[Data records]
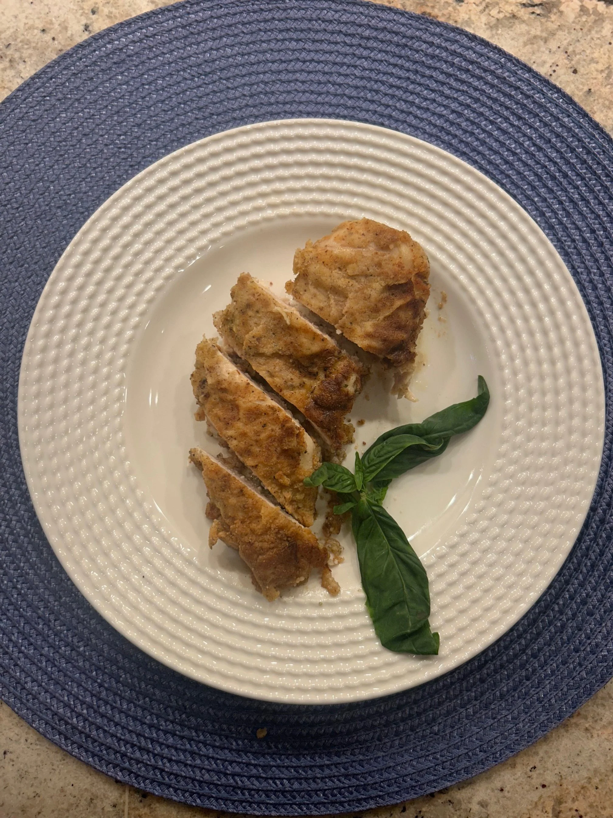 Take each marinated chicken breast and dredge it in the almond flour mixture, ensuring an even coating.
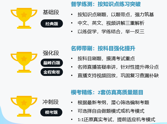 優(yōu)勢題目匠心篩選,三輪進(jìn)階刷題,在對的時(shí)間刷對的題,考試通過率曲線持續(xù)上揚(yáng)!
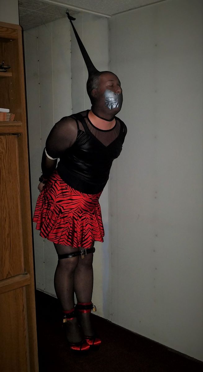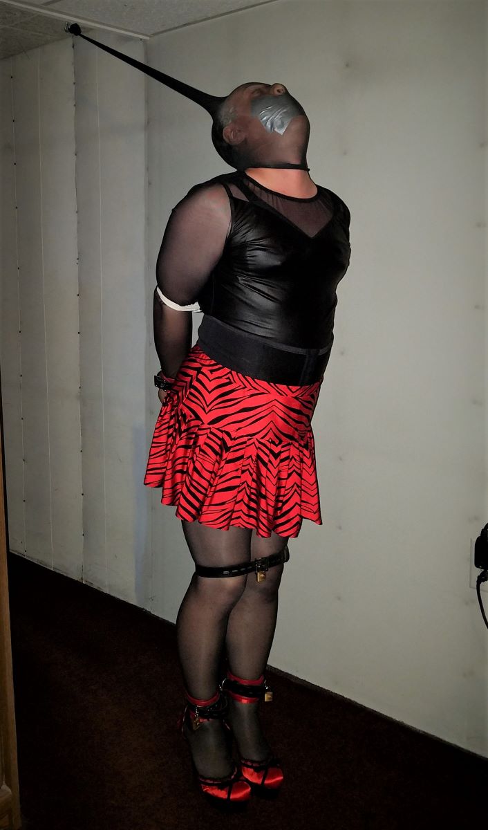 I did also have a chastity cage and nipple clamps on, but those are additions on a personal basis and not a requirement. After everything is tied, the only thing tethering you in place is the nylon hood. Small baby steps will lead you to freedom. Or suffering. The tie isn't too bad, as long as you can stand comfortably. Upon shuffling away, you find your head is wrenched back and slowly pulling you off-balance. Twisting and turning your head is the way to freedom, but again, watch your balance.
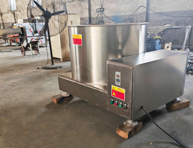 脱油机以离心力工作原理,以电动机带动脱油机内胆在高速旋转的作用下,把食品油炸过程中残留的油,通过离心作用脱净。
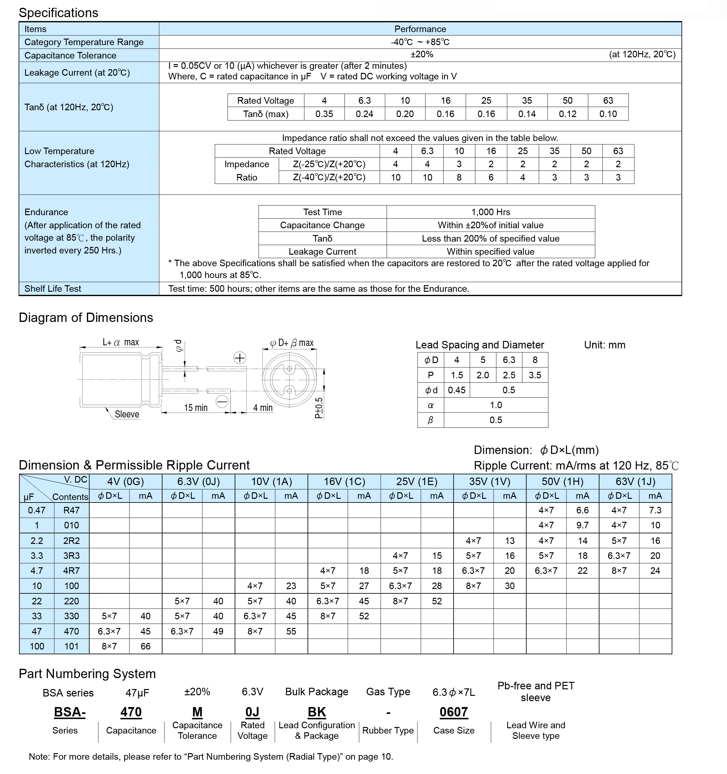 ‧85℃, 1,000 hours assured, bi-polarized series with 7mm height
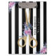 Hair Stylist Glitter Scissor Striped floral Clipboard
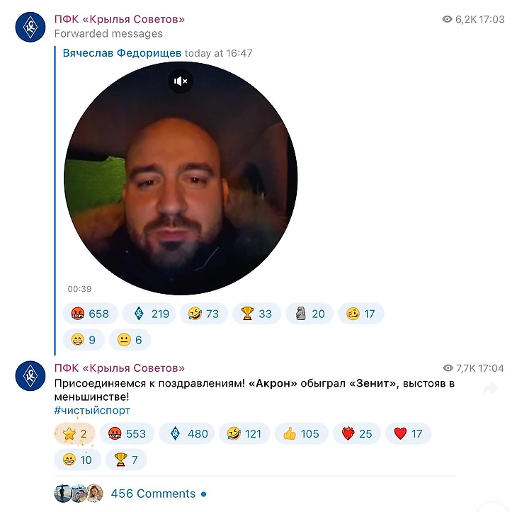 «Приветствую всех болельщиков «Крыльев Советов», – начал Солдатенков. – Хочется обратиться ко всем читателям этого телеграм-канала и напомнить вам о том, что в данном телеграм-канале должны публиковаться посты исключительно про «Крылья Советов». Вы можете себе представить ситуацию, если «Спартак» в своем телеграм-канале поздравит с победой ЦСКА. Я не могу. Думаю, что вы тоже. В завершении хотел бы еще раз сказать: это телеграм-канал «Крыльев Советов». Еще раз хочу обратиться к болельщикам: спасибо большое за поддержку, всего хорошего».
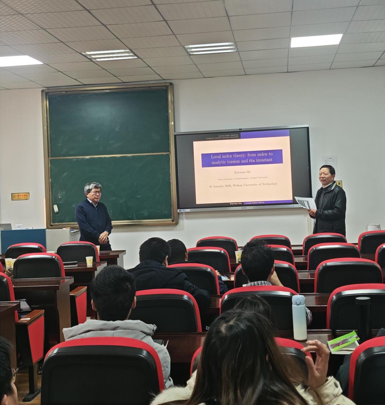 发布日期:2026-01-171月16日上午南开大学陈省身数学研究所讲席教授麻小南教授受邀作了题为“局部指标理论:从指标到解析挠率与eta不变量”的学术报告,数学系与数学中心相关老师和研究生听取了报告。
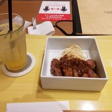 落ち着いて食べられそうなお店だったので利用。日曜日の15:00頃でしたが他の客と間隔を空けて座れました。メニューを見ると大分県産のものを使用しているというビーフカツレツが目についたので単品で注文。飲み物は「つぶらなかぼす」にしました。接客も丁寧で大分に来た良い思い出になる食事となりました。
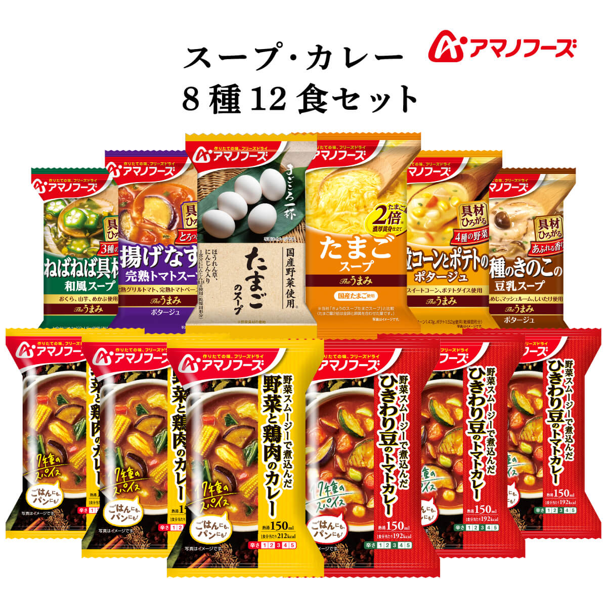 | 内容量 | ■ まごころ一杯 たまごスープ 6.3g ■ Theうまみ たまごスープ 11g 揚げなすの完熟トマトスープ 10g 3種のねばねば具材の和風スープ 5g 粒コーンとポテトのポタージュ 19.8g 3種のきのこの豆乳スープ 9.3g 各1食 ■ カレー 野菜と鶏肉のカレー 36.4g ひきわり豆のトマトカレー 36g 各3食 8種 合計12食 |
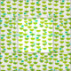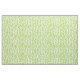Este tecido tem um design moderno do século Médio de semicírculos verdes que se parecem com copos amarrados com estornamentos de tartaruga e retângulos.

- Task description -
Here the job is to copy the stretch of records from the line containing "優(yōu)勢題目匠心篩選,三輪進(jì" through the line containing "落ち着いて食べられそうなお店", word for word. Leave every picture out.

- Written response -
 優(yōu)勢題目匠心篩選,三輪進(jìn)階刷題,在對的時(shí)間刷對的題,考試通過率曲線持續(xù)上揚(yáng)!
 I did also have a chastity cage and nipple clamps on, but those are additions on a personal basis and not a requirement. After everything is tied, the only thing tethering you in place is the nylon hood. Small baby steps will lead you to freedom. Or suffering. The tie isn't too bad, as long as you can stand comfortably. Upon shuffling away, you find your head is wrenched back and slowly pulling you off-balance. Twisting and turning your head is the way to freedom, but again, watch your balance.
 脱油机以离心力工作原理,以电动机带动脱油机内胆在高速旋转的作用下,把食品油炸过程中残留的油,通过离心作用脱净。
 ‧85℃, 1,000 hours assured, bi-polarized series with 7mm height
 Hair Stylist Glitter Scissor Striped floral Clipboard
 «Приветствую всех болельщиков «Крыльев Советов», – начал Солдатенков. – Хочется обратиться ко всем читателям этого телеграм-канала и напомнить вам о том, что в данном телеграм-канале должны публиковаться посты исключительно про «Крылья Советов». Вы можете себе представить ситуацию, если «Спартак» в своем телеграм-канале поздравит с победой ЦСКА. Я не могу. Думаю, что вы тоже. В завершении хотел бы еще раз сказать: это телеграм-канал «Крыльев Советов». Еще раз хочу обратиться к болельщикам: спасибо большое за поддержку, всего хорошего».
 发布日期:2026-01-171月16日上午南开大学陈省身数学研究所讲席教授麻小南教授受邀作了题为“局部指标理论:从指标到解析挠率与eta不变量”的学术报告,数学系与数学中心相关老师和研究生听取了报告。
 落ち着いて食べられそうなお店だったので利用。日曜日の15:00頃でしたが他の客と間隔を空けて座れました。メニューを見ると大分県産のものを使用しているというビーフカツレツが目についたので単品で注文。飲み物は「つぶらなかぼす」にしました。接客も丁寧で大分に来た良い思い出になる食事となりました。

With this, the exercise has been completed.